Actors’ Second Try for Retroactive Okay
An attorney representing Mariska Hargitay and Peter Hermann, actors who met on the television series “Law and Order: Special Victims Unit,” returned to the East Hampton Village Zoning Board of Appeals on Friday, nine months after the board denied the couple’s request to legalize a tree house that is within required setbacks at 31 Cottage Avenue. The board also had turned down requests to legalize a swing set and playing court within the setbacks and to permit 63 square feet more floor area in an accessory building than the maximum allowed, although it did okay a slate walkway within a setback.
This time, said Andy Hammer, an attorney, the couple wants to relocate and legalize the tree house, which was constructed without a building permit. They would like a variance to allow the 63 square feet of excess floor area, and another for the tree house to remain 18 feet high, four feet above the maximum for an accessory building.
When the board rejected most of the application in January, it told the couple to remove the playing court and relocate the tree house and swing set. “That hasn’t happened yet,” Frank Newbold, the board’s chairman, said on Friday.
“We did submit a building permit to do it, thinking we could do it as of right,” Mr. Hammer said. “However, we couldn’t” because the Building Department said relocating the tree house would require a variance.
“The turn-down letter from the Building Department wasn’t dated till June 9,” Mr. Newbold noted. “The applicant had another summer to use these improvements.” Moreover, he said that calling the structure a tree house was “a little misleading. . . . This is an 18-foot-high structure, it has a staircase that leads up to it, it has walls, it has a roof. . . . It’s basically being bolted to a tree, it’s not really a tree house. It’s a free structure, it’s a playhouse.”
Board members appeared divided, but a majority seemed inclined to once again reject the application. The property has many outbuildings already, Mr. Newbold said, including a pre-existing, legal guest house, a pool house, and a pre-existing, nonconforming shed. “It has already been the beneficiary of a lot of variances. The question is, is not having a play structure that requires two variances . . . a hardship?”
The other structures conform to code, Mr. Hammer said. “I think what Frank was trying to say is that it’s one acre,” Lys Marigold, vice chairwoman of the board, said, “and it’s already loaded with so many accessory structures.”
The property complies with the coverage limit, Mr. Hammer said, calling the tree house “not adaptable to any other use . . . that’s why it’s located where it’s located, because it’s underneath the tree canopy and it’s a place for the children to play.” He called the variances sought minimal. “Technically, the reason you would deny it is adverse impact to somebody. . . . I can’t put my finger on who would be affected.”
“It’s the precedent of the height,” Craig Humphrey, a board member, said, “not the structure itself.”
If the tree house could be redesigned to meet the height limit, Mr. Newbold said, “then we would be able to cut the number of variances requested in half.” Mr. Hammer said the structure’s peaked roof could be eliminated, or the entire structure, which he said is about 11 feet tall, could be lowered and the staircase shortened, though that would leave it just two or three feet off the ground.

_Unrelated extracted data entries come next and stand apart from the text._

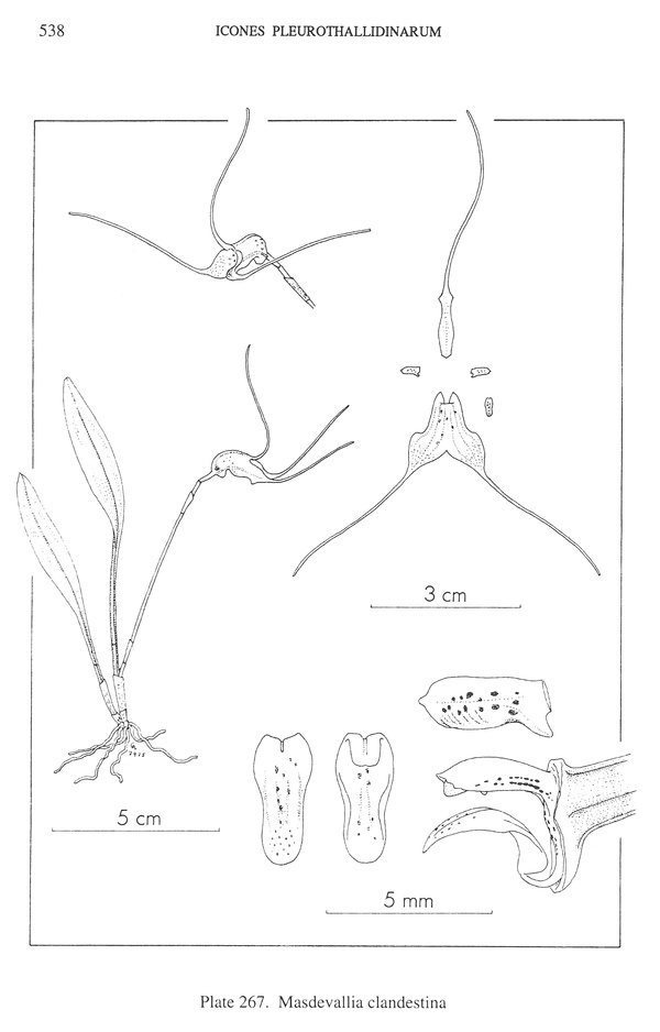 References W3 Tropicos, Kew Monocot list , IPNI ; Orquideologia Vol 16 #1 1983 drawing fide; Icones Pleurothallidinarum XXII Masdevallia Part 3 Luer 2001 drawing fide; Masdevallia's in Kleur Vol 1 P M Oversteegen, Eisses & A P Sijm 2001 photo fide; Libro Rojo de Plantas De Colombia Vol 6 Primera Parte Saenz 2007; Orchids Masdevallia with its segregates including Dracula Zelenko 2014 photo fide;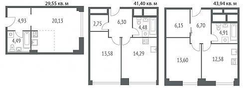 | Февраль 2020 | 40,6-47,05 м2 | 9 727 040 - 12 064 860 ₽ | ~250 482 ₽ | 6.14% |
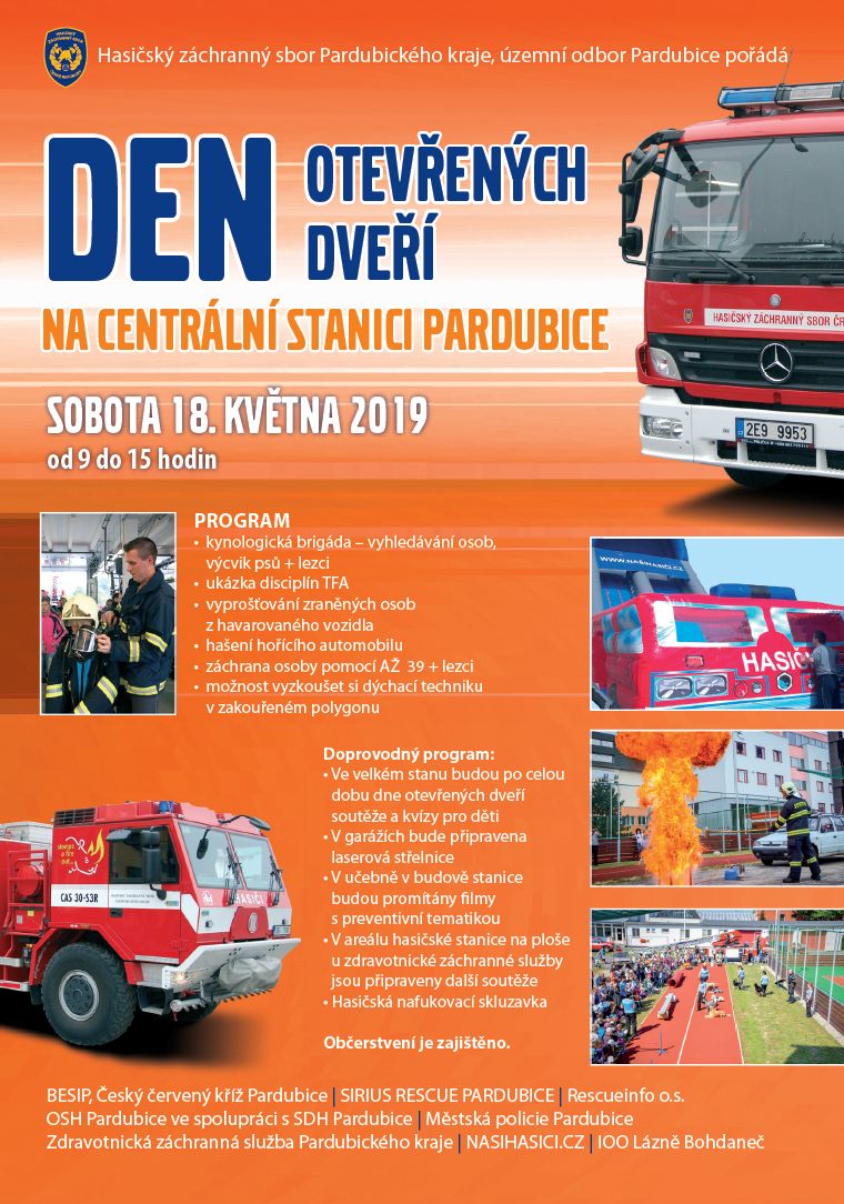 Hasičský záchranný sbor Pardubického kraje, územní odbor Pardubice pořádá v sobotu – 18. května na centrální požární stanici Den otevřených dveří.
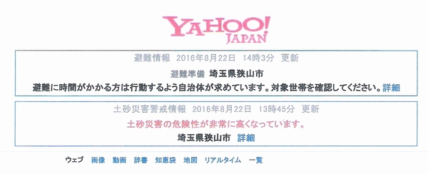 【避難準備情報】や【土砂災害警戒警報】が発令されているようだった。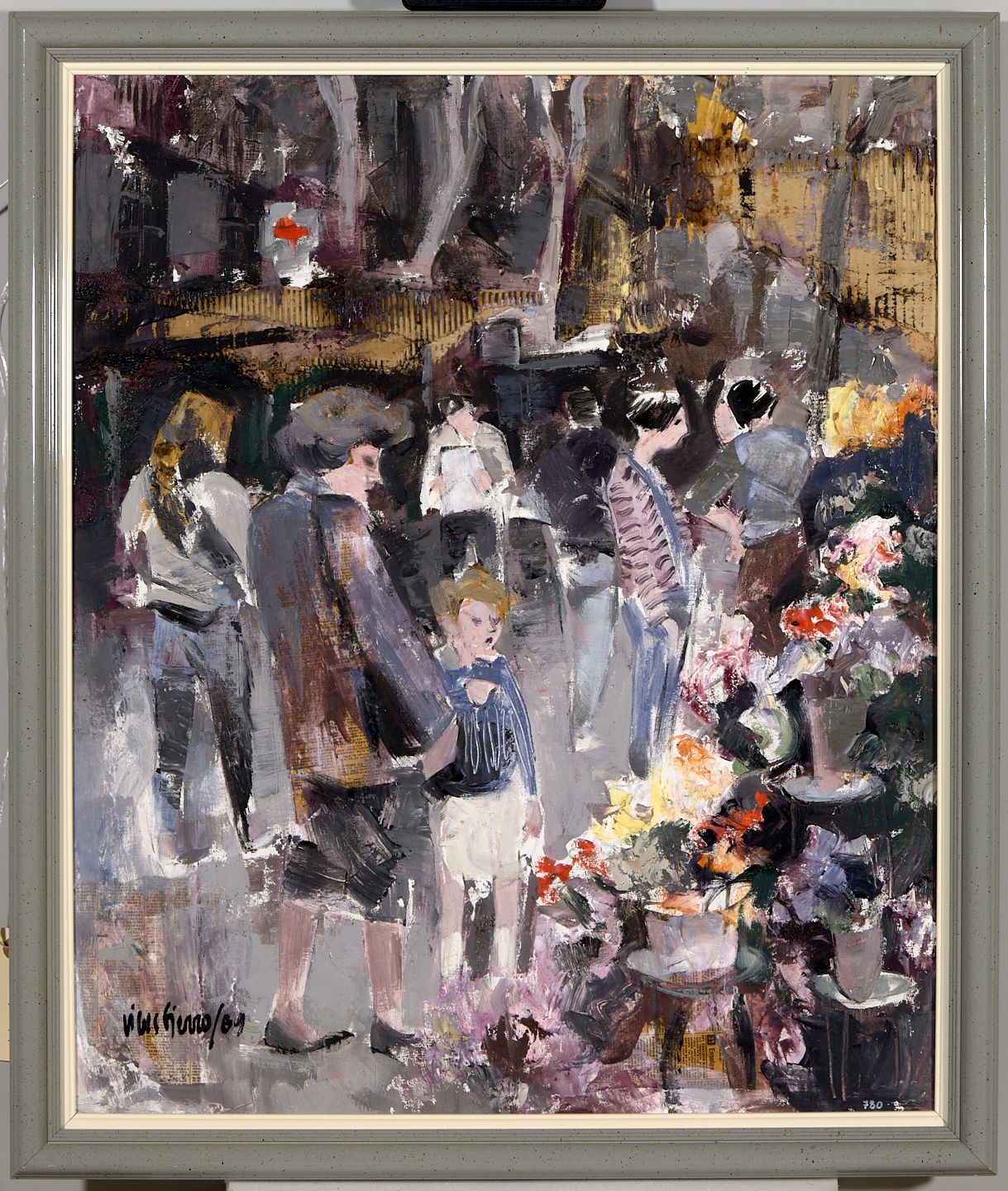Antoni Vives Fierro (Barcelona, 1940 - Vilafranca del Penedès, 2024) és un pintor que es va especialitzar en el paisatge urbà, sobretot de ciutats com Barcelona, París, Londres (on va residir als anys 70) i l'Havana. Va estudiar a la Llotja i també al Cercle Artístic de Sant Lluc. El 1961 es va establir a París i el 1962 va exposar per primer cop a Cartagena, i s’instal·la a Londres el 1970 exposant-hi diverses vegades. També va exposar a Ginebra, Düsseldorf, París, Montevideo, Atenes, Nova York, l'Havana, Bayreuth, Barcelona, Madrid i en altres indrets de Catalunya. Utilitzava diferents tècniques en les seves pintures, tot i que els darrers anys s'havia decantat per l'oli amb collage, com és el cas d’aquest típica escena de la diada de Sant Jordi a la Rambla de Barcelona. Ell es definia com a “postimpressionista”, i va realitzar nombrosos cartells commemoratius.

The hearing was left open so that Mr. Hammer could consult with his clients. It is to come up again at the board’s next meeting, on Friday, Oct. 27.
One determination was announced at the meeting. The board granted Richard Brockman’s request for variances to allow the construction of an addition to the grand Tudor building at 64 Huntting Lane, which will fall within the required rear-yard setback. A request to legalize a patio within the front-yard setback also was granted.
Known as the Woodhouse Playhouse, the 1917 building was converted to residential use in 1948. The property is in the Huntting Lane historic district, and the proposed addition also requires approval by the design review board.